9.2 The requests Library

import requests

# GET request to a public API
url = "https://api.exchangerate-api.com/v4/latest/USD"
response = requests.get(url)

print(f"Status code: {response.status_code}")  # 200 = success
print(f"Content type: {response.headers['Content-Type']}")

9.3 Parsing JSON Responses

# Convert JSON response to a Python dictionary
data = response.json()

print(f"Base currency: {data['base']}")
print(f"EUR rate:      {data['rates']['EUR']}")
print(f"GBP rate:      {data['rates']['GBP']}")

# Convert rates to a DataFrame
import pandas as pd

rates_df = pd.DataFrame(
    list(data["rates"].items()),
    columns=["Currency", "Rate"]
)
print(rates_df.head(10))

9.4 Authentication: API Keys and OAuth

Most real-world APIs require authentication to track usage, enforce rate limits, and protect data. The two most common approaches are API keys (simple) and OAuth tokens (more secure).

import os

# Method 1: API Key in query parameters
# Many free APIs use this approach (e.g., OpenWeatherMap, Alpha Vantage)
api_key = os.environ.get("WEATHER_API_KEY", "your_key_here")
url = "https://api.openweathermap.org/data/2.5/weather"
params = {
    "q": "New York",
    "appid": api_key,
    "units": "imperial"
}
# response = requests.get(url, params=params)
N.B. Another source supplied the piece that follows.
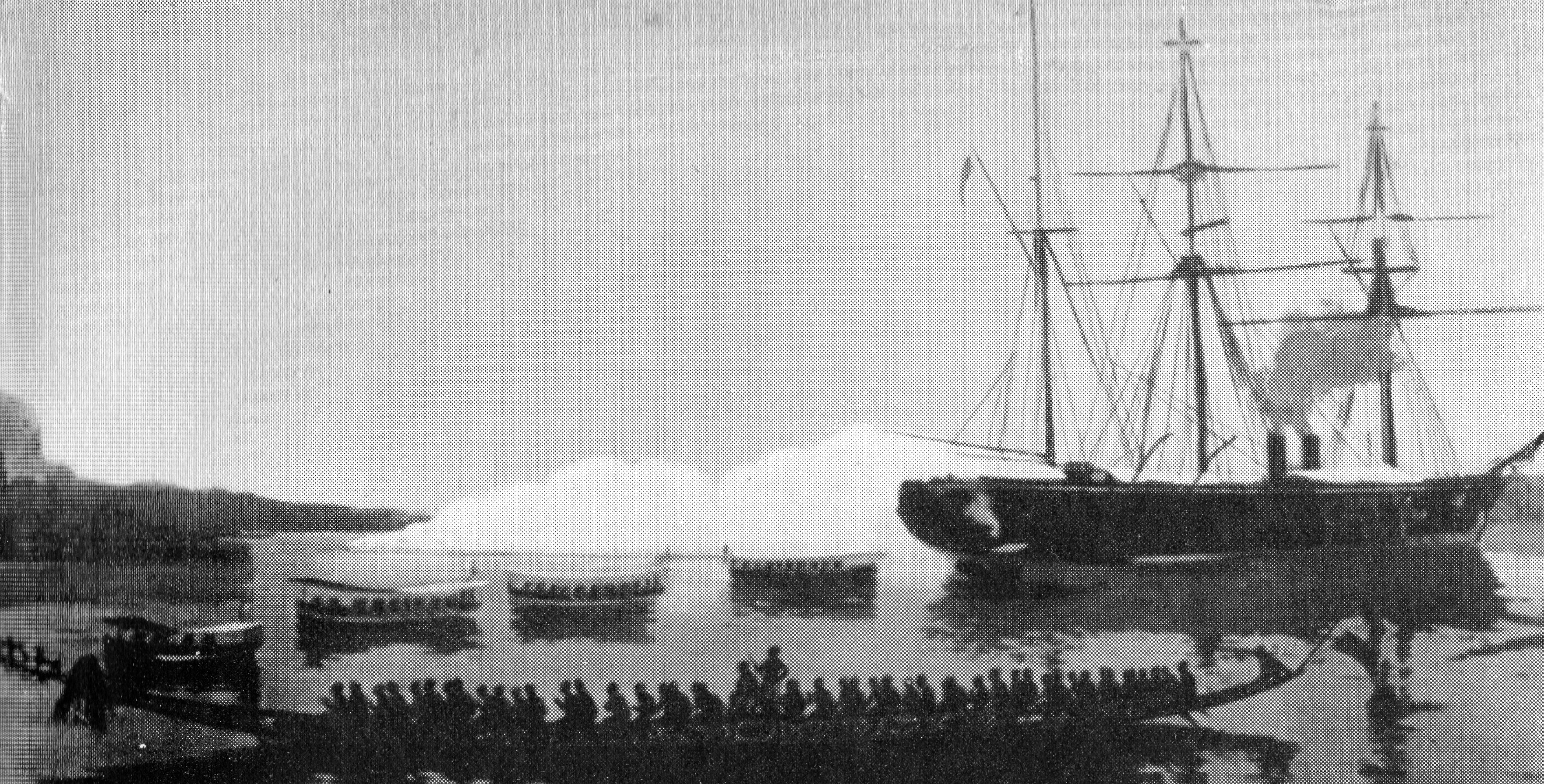 함대는 1884년 10월 30일 서아프리카를 향해 출항했다. 카보베르데 제도에 도착한 후 함대는 나뉘어, SMS 아리아드네는 라이베리아와 기니만 연안을 담당하고, SMS 그나이제나우는 동아프리카로 파견되었다. SMS 비스마르크와 SMS 올가는 1884년 12월 18일 카메룬강 하구에 도착했다.[19]

# Method 2: API Key in headers (more secure, keeps key out of URLs)
headers = {
    "Authorization": "Bearer YOUR_API_KEY",
    "Content-Type":  "application/json"
}
# response = requests.get(url, headers=headers)

# Method 3: OAuth 2.0 (used by Google, Twitter, GitHub, etc.)
# OAuth involves getting a temporary access token, which is then sent in headers.
# Libraries like 'requests-oauthlib' simplify this process.
# pip install requests-oauthlib
Never hard-code API keys in your source code. Use environment variables (os.environ["KEY"]) or a .env file with the python-dotenv package. If you commit an API key to GitHub, it can be stolen by automated bots within minutes. Add .env to your .gitignore file.
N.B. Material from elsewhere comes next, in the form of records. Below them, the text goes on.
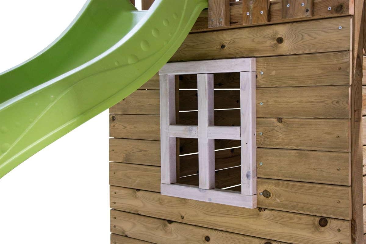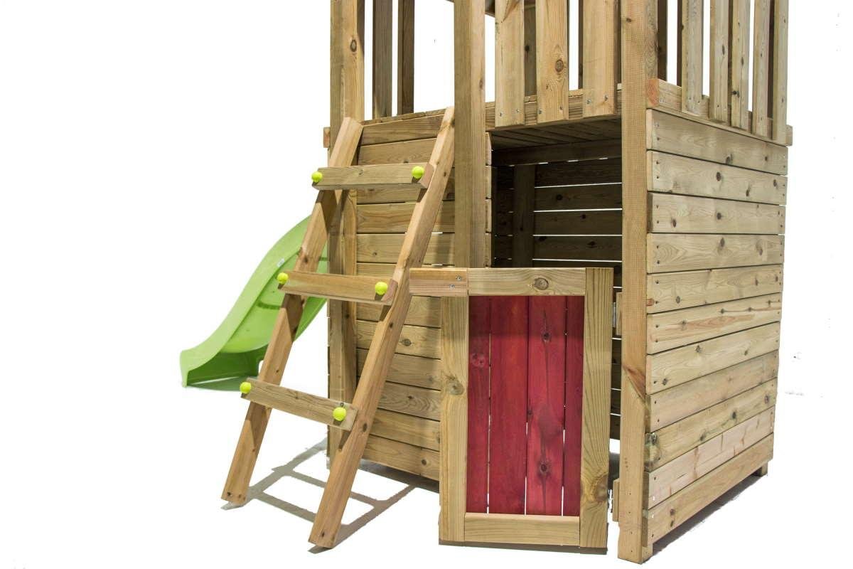 El Parque infantil Tibidabo con casita y columpios, de la marca MASGAMES, es una torre de madera cuadrada fuerte y muy bonita para su jardín. Su estructura alberga una casita en toda la mitad inferior. La casita, cuyo techo es a la vez el piso de 120 cm de altura por el que bajar por el tobogán, es ideal para que los más pequeños se refugien, jueguen y sueñen con mil aventuras. También podrán guardar en ella sus juguetes. La casita cuenta con una puerta de media altura que, junto con la ventana que hay en uno de los laterales, permite la entrada de mucha luz para que los niños puedan jugar durante horas. Las maderas de la casita dan, a su vez, mucha resistencia y estabilidad al conjunto del parque.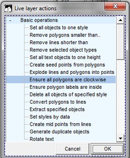 3. As additional preparation, ensure that all labels are inside the polygons: In live layer > Right-mouse > Live layer actions > Basic operations > Ensure all polygon labels are inside > OK, and save live layer. This is necessary for the seed points in the next step
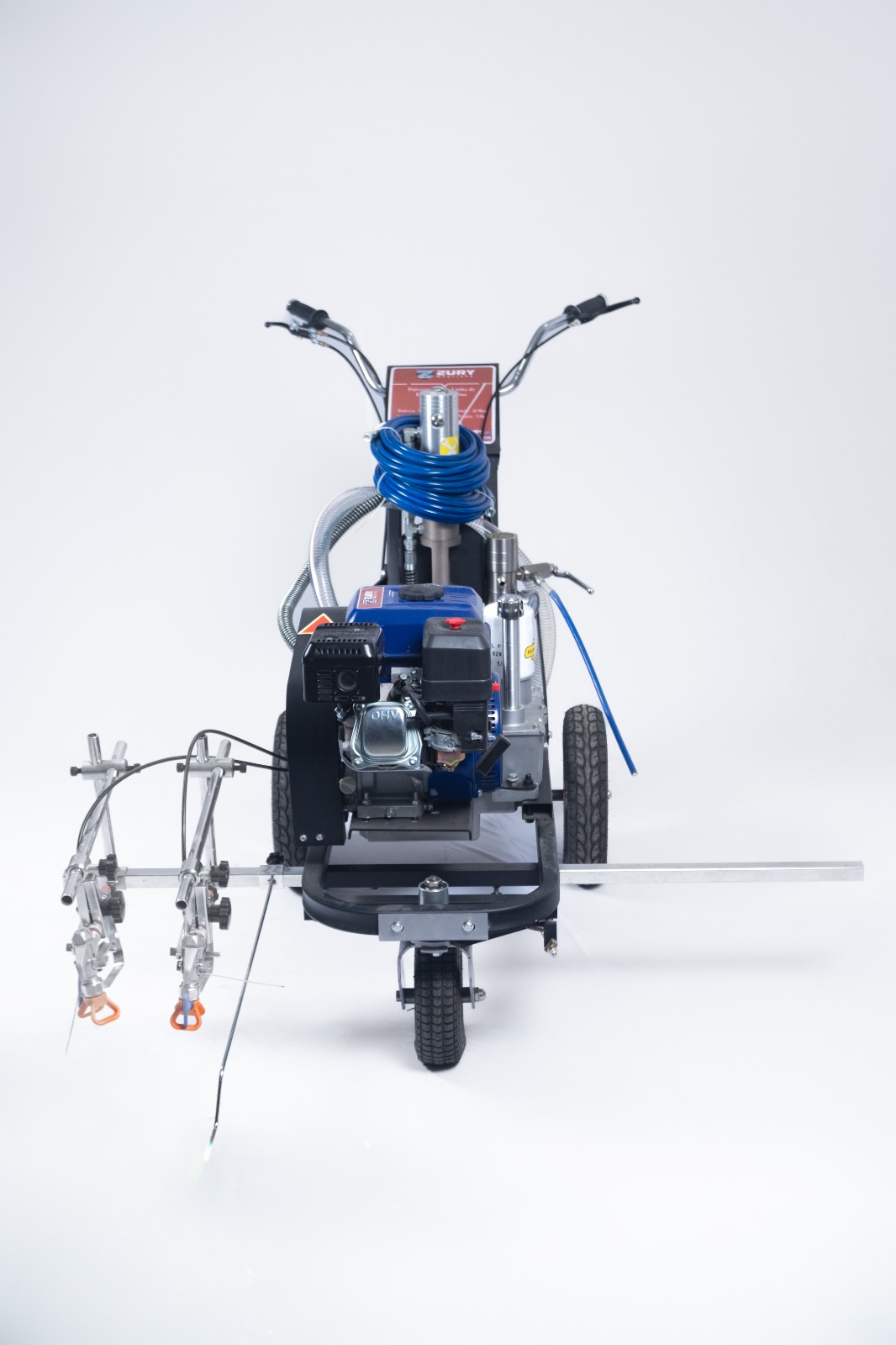 A ZHD 8.0 máquina airless a gasolina para demarcação viária com duas pistolas. Possui 8 HP, fluxo de 6 L/min, pressão de 15 MPa e mangueira de até 50 m. Oferece força, autonomia e produtividade em grandes áreas, com tintas à base de água ou solvente.

9.5 API Parameters and Query Strings

# Many APIs accept query parameters
url = "https://jsonplaceholder.typicode.com/posts"
params = {"userId": 1}
response = requests.get(url, params=params)

posts = response.json()
print(f"Found {len(posts)} posts by user 1")
for post in posts[:3]:
    print(f"  - {post['title']}")

9.6 Pagination and Rate Limiting

Many APIs return data in pages (e.g., 100 records at a time). You need to loop through pages to get the full dataset. Similarly, rate limiting means you must add delays between requests to avoid being blocked.

import time

def fetch_all_pages(base_url, params=None, max_pages=10):
    """Fetch paginated API data with rate limiting."""
    all_data = []
    params = params or {}

    for page in range(1, max_pages + 1):
        params["_page"] = page
        params["_limit"] = 10   # records per page

        response = requests.get(base_url, params=params, timeout=10)
        response.raise_for_status()

        data = response.json()
        if not data:   # empty page = we've reached the end
            break

        all_data.extend(data)
        print(f"  Page {page}: fetched {len(data)} records")
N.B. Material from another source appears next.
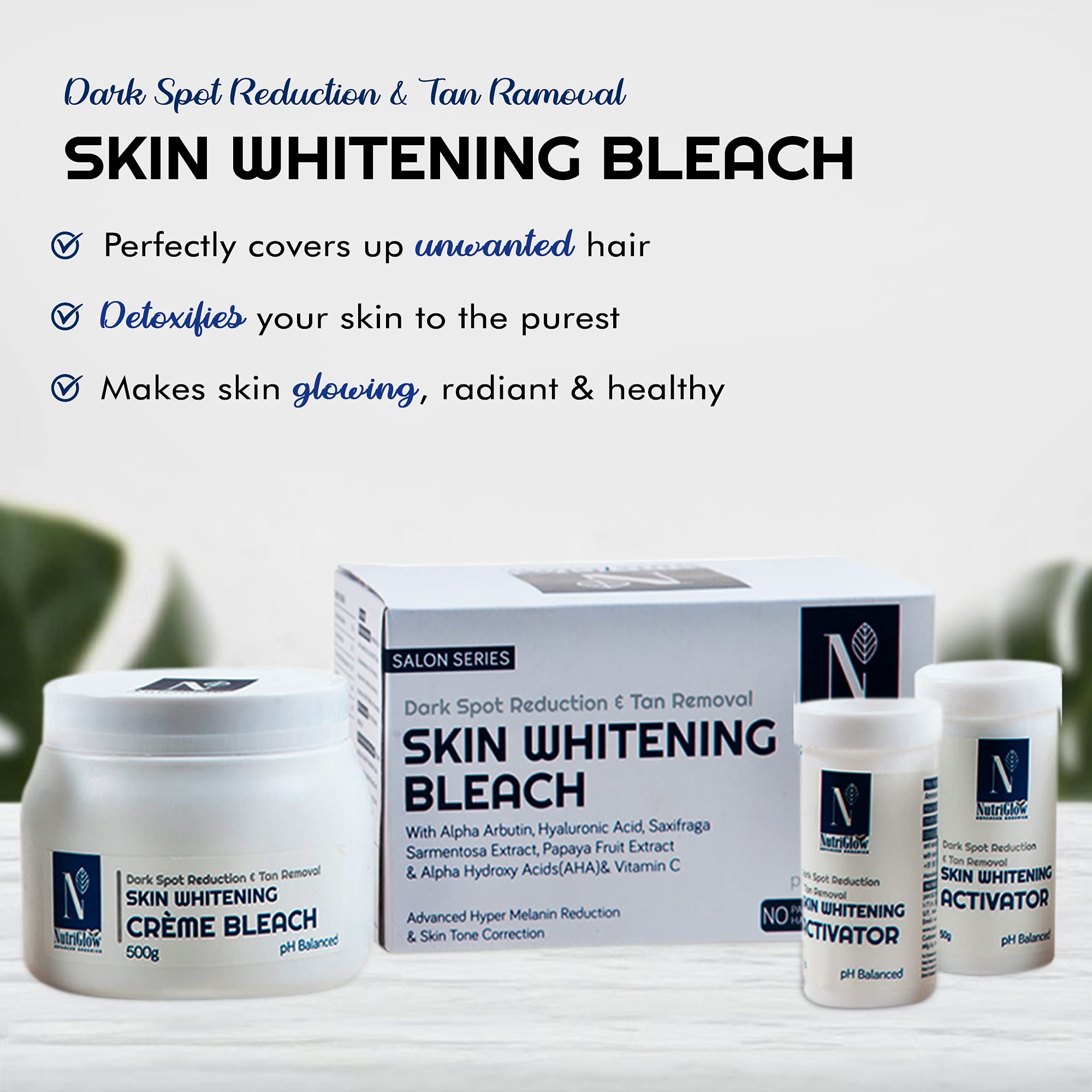 NutriGlow Advanced Organics Cream Bleach Kit with Creme Bleach (500 g) Activator (2 x 50 g) Serum (100 ml) Pack of 4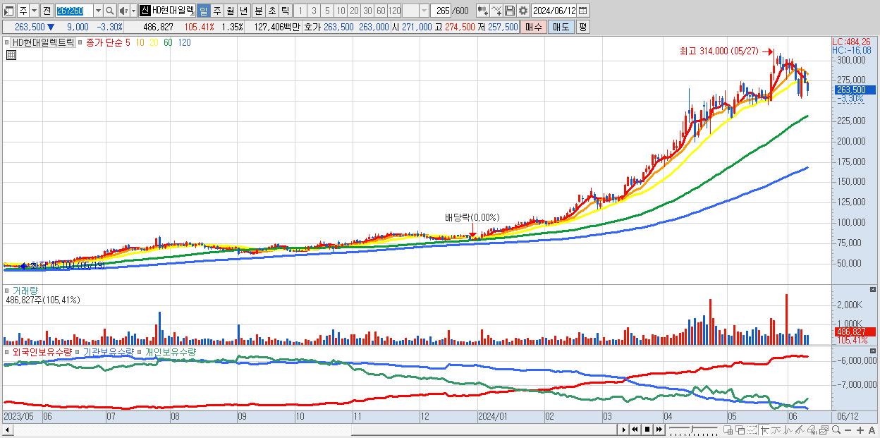 - HD현대일렉트릭 (263,500원 ▼ -3.3% , 시총: 94,984억, 외국인 순매수 거래금:79억)

        # Respect rate limits: wait between requests
        time.sleep(0.5)  # 500ms delay

    return all_data

# Example: fetch all posts from JSONPlaceholder
all_posts = fetch_all_pages("https://jsonplaceholder.typicode.com/posts")
print(f"Total records: {len(all_posts)}")
Rate limiting strategies: Start with a conservative delay (1 second) and decrease it until you start getting 429 (Too Many Requests) responses. Some APIs include rate limit info in the response headers (e.g., X-RateLimit-Remaining). Read these headers to dynamically adjust your request speed. For bulk data collection, consider running your script overnight with generous delays.

9.7 POST Requests

import json

# Sending data to an API
url = "https://jsonplaceholder.typicode.com/posts"
new_post = {
    "title":  "Supply Chain Optimization",
    "body":   "Using Python for demand forecasting...",
    "userId": 1
}

response = requests.post(url, json=new_post)
print(f"Status: {response.status_code}")  # 201 = created
print(response.json())

9.8 Saving API Data to CSV

Once you have fetched data from an API, you almost always want to save it locally so you do not need to re-fetch it every time you run your analysis. Saving to CSV or JSON provides a persistent, portable copy of the data.

import json

# Fetch and save as CSV
url = "https://jsonplaceholder.typicode.com/users"
response = requests.get(url)
users = response.json()

# Nested JSON needs flattening before CSV
users_df = pd.json_normalize(users)  # flattens nested dicts
print(users_df.columns.tolist())  # shows flattened column names

# Save to CSV
users_df.to_csv("api_users.csv", index=False)
print(f"Saved {len(users_df)} users to api_users.csv")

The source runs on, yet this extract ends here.